Наконец, Егор идет всё-таки к лошадям. Они стоят за вокзалом у изгороди. Одну из них я узнаю сразу: это Воронко, отец любил запрягать его зимой в сани, а пристяжная мне не знакома. Лошади густо обросли шерстью, снегом — похожи на каких-то лесных мохнатых зверей. Воронко не узнал меня. Напрасно несколько раз я подходил и гладил его по морде — он даже не заржал, только лениво посмотрел на меня одним глазом. А пристяжная была новая — очевидно, отец купил еще одну лошадь, хотя было их у нас и так без числа, стояли в конюшне без всякой надобности и употребления, только овес и сено изводили. Прислали за мной, к сожалению, розвальни, а не маленькие санки, как я втайне надеялся. Эти маленькие санки я очень любил. На них отец часто ездил по делам: были они легкие — не шли, а летели над землей. «Воронихин опять поехал догонять ветер» — говорили про отца мужики, когда он ездил в этих санях. В задке розвальней укреплена круглая парусиновая кибитка с пологом впереди, сани дополна набиты сеном, поверх сена — половичок, а для покрытия — огромная медвежья шкура. Для меня присланы заячий тулупчик и валенки. Пока Егор укладывает и увязывает вещи в передке розвальней, я залезаю под полог в кибитку. В кибитке темно, пахнет слежавшимся сеном. Сначала лежать неудобно, всё время хочется менять положение, но скоро тело осваивается, привыкает, и уже лень пошевелиться. Смутно я слышу, как ходит Егор, подтыкая сено с боков, как остро жуют лошади. — Скорее бы ехать!.. Но вот Егор садится в передок, сани вздрагивают. «Но-но, нно» — кричит Егор — и со скрипом мы снимаемся с места. И так едем мы медленно, раскатываясь иногда по бокам, мерно идут кони, клонит ко сну, — а кругом тишина, и нельзя уже сказать, давно ли мы едем?.. С чувством, что мы спускаемся куда-то под гору, в какую-то великую, темную тишину, я засыпаю…

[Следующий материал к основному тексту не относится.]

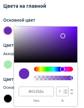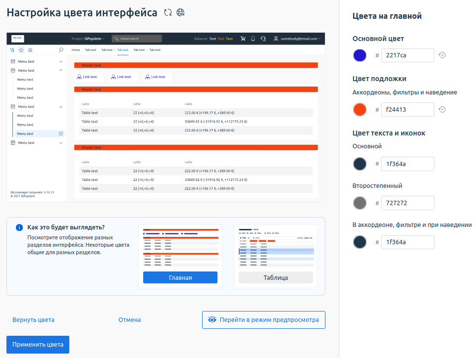 Все изменения отображаются во время предпросмотра интерфейса. Некоторые цвета будут общими для разных разделов. Например, Основной цвет определит вид активных кнопок и полей интерфейса.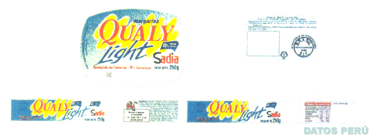 EL DISEÑO DE EMPAQUE QUE CONTIENE LA DENOMINACION QUALY LIGHT SADIA ESCRITA EN LETRAS CARACTERISTICAS, TODO EN LOS COLORES AZUL, ROJO, AMARILLO, BLANCO Y NEGRO; CONFORME AL FACSIMIL ADJUNTO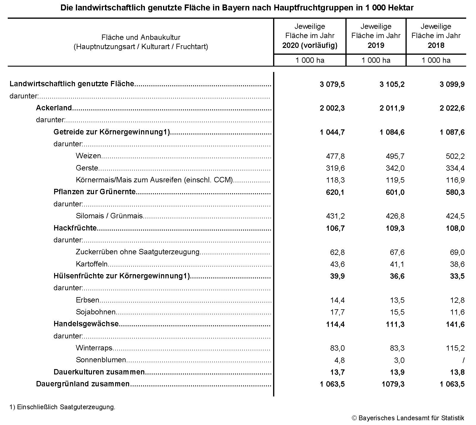 Nach Angaben des Bayerischen Landesamts für Statistik werden in Bayern nach den vorläufigen Ergebnissen der Bodennutzungshaupterhebung 2020 rund 3 079 500 Hektar landwirtschaftlich genutzte Fläche bzw. 2 002 300 Hektar Ackerland bewirtschaftet. Mit 549 500 Hektar ist ein Viertel der bayerischen Ackerfläche mit Mais bestellt.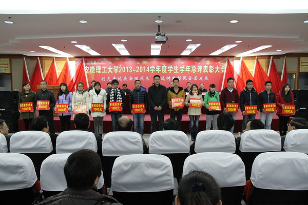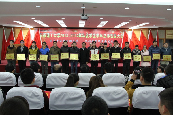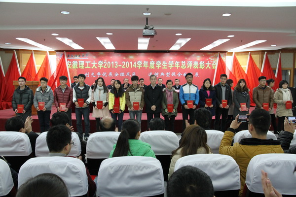 12月18日下午,2013-2014学年学生总评表彰大会在九楼报告厅隆重举行。校领导颜事龙、郭永存、叶醒狮、王洪、刘泽功、王其东、孟祥瑞、周峰出席表彰大会,并为获奖的先进集体和个人颁奖。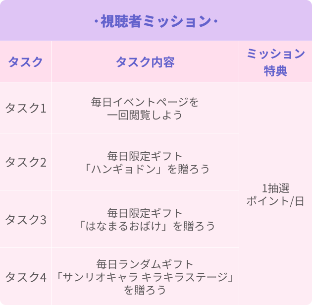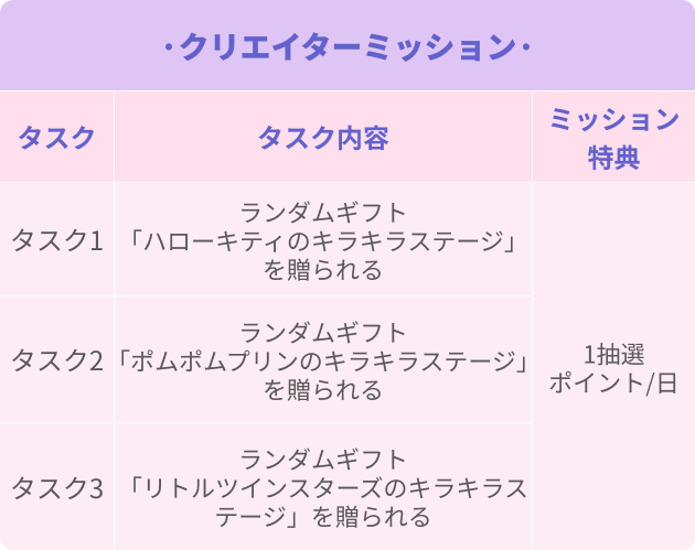 クリエイター・視聴者は、毎日それぞれのミッションを全てクリアすると1抽選ポイントが獲得でき、ご自身のイベントページ「デイリーミッション抽選」より抽選いただけます。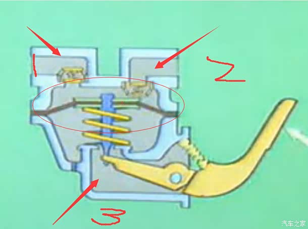当3支架往下拉时气压减小阀2打开,汽油进入。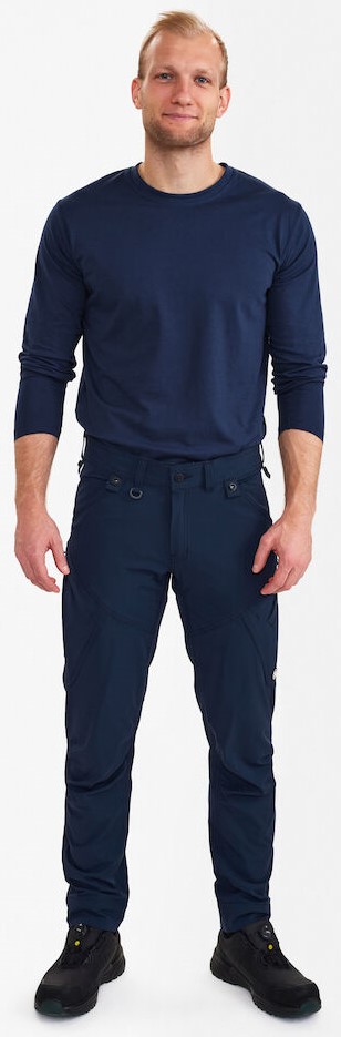 Functional service trousers with many functional details. The fabric is equipped with comfortable 4-way stretch for a better fit and more freedom of movement and with cotton on the inside for maximum comfort. The trousers have an ergonomically shaped knee area. Two spacious slanted front pockets. Two back pockets. Two thigh pockets with zippers. The left thigh pocket has an additional cell phone pocket. The right thigh pocket has pleats for extra width and an inside pocket. D-ring at the front for attaching ID cards, for example. Wide bottom hem that can be left out if extra leg length is required. Only one seam needs to be undone to lengthen the trousers. The trouser leg is still hemmed.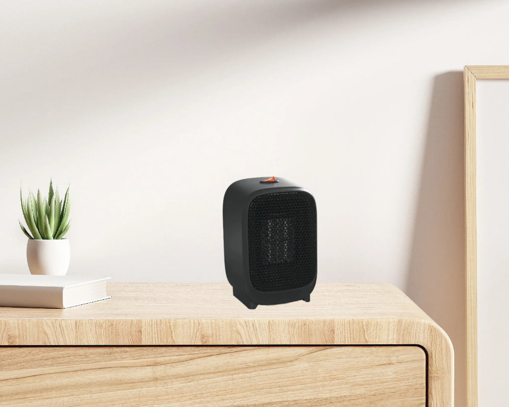 The Mainstays 400W Portable Electric Space Heater provides compact and efficient warmth for small indoor spaces. Using advanced PTC ceramic heating technology, it quickly converts cold air into comfortable heat, making it well suited for bedrooms, offices, and personal workspaces. Its sleek black design blends easily with modern decor and its lightweight build allows effortless relocation wherever warmth is needed.

Эту первую ночь в кибитке я совсем не помню; осталось лишь смутное впечатление зыби, как будто я спал в лодке, и тихо била о борта волна. А когда я проснулся, мы уже стояли. Полог был откинут. Было еще раннее утро. На зеленом, ледяном небе стояло красное, как тюльпан, холодное солнце. В деревне топили печи. Над избами вился столбом дым, пахло печным чадом и ржаным хлебом. Посередке, у колодца, бабы доставали воду, скрипела цепь и шумела бадья, во дворах заливались лаем собаки.

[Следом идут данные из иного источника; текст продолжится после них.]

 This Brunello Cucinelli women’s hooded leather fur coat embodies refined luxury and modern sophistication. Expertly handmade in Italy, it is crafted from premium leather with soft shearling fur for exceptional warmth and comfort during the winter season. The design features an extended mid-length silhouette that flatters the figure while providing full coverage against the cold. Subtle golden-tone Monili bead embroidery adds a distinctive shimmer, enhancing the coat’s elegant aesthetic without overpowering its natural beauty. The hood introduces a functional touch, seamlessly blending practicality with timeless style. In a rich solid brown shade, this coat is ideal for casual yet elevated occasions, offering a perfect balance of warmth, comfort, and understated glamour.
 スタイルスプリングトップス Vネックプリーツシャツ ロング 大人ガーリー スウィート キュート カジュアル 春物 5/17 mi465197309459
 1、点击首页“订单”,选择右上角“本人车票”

Дни, когда мы останавливались кормить, казались мне бесконечно долгими, этот первый день в особенности. Где-то непостижимо далеко — еще шесть дней пути! — лежала наша деревня, наш дом, совсем затерянные в огромном мире, в снегу и далях. Этого чувства дали — без границ и без краю, без конца, без начала, — не знает Европа. Здесь — всюду границы, одно государство теснит другое. Здесь узкий и обозримый мир, понятный человеку; оттого, вероятно, европеец так самоуверен и самодоволен. А там мы смотрим прямо в Божий космос: в дали, уходящие куда-то внепредельно, в таинственный белый полюс, словно, в начало мира, где вечное молчание и первозданная хвала Творцу. И это чувство непосредственного стояния перед Богом, оно-то и отличает нас, вероятно, от Запада и делает во многом непонятными для европейца. У нас иной мир и иной Бог. И втайне мы все, конечно, презираем Европу.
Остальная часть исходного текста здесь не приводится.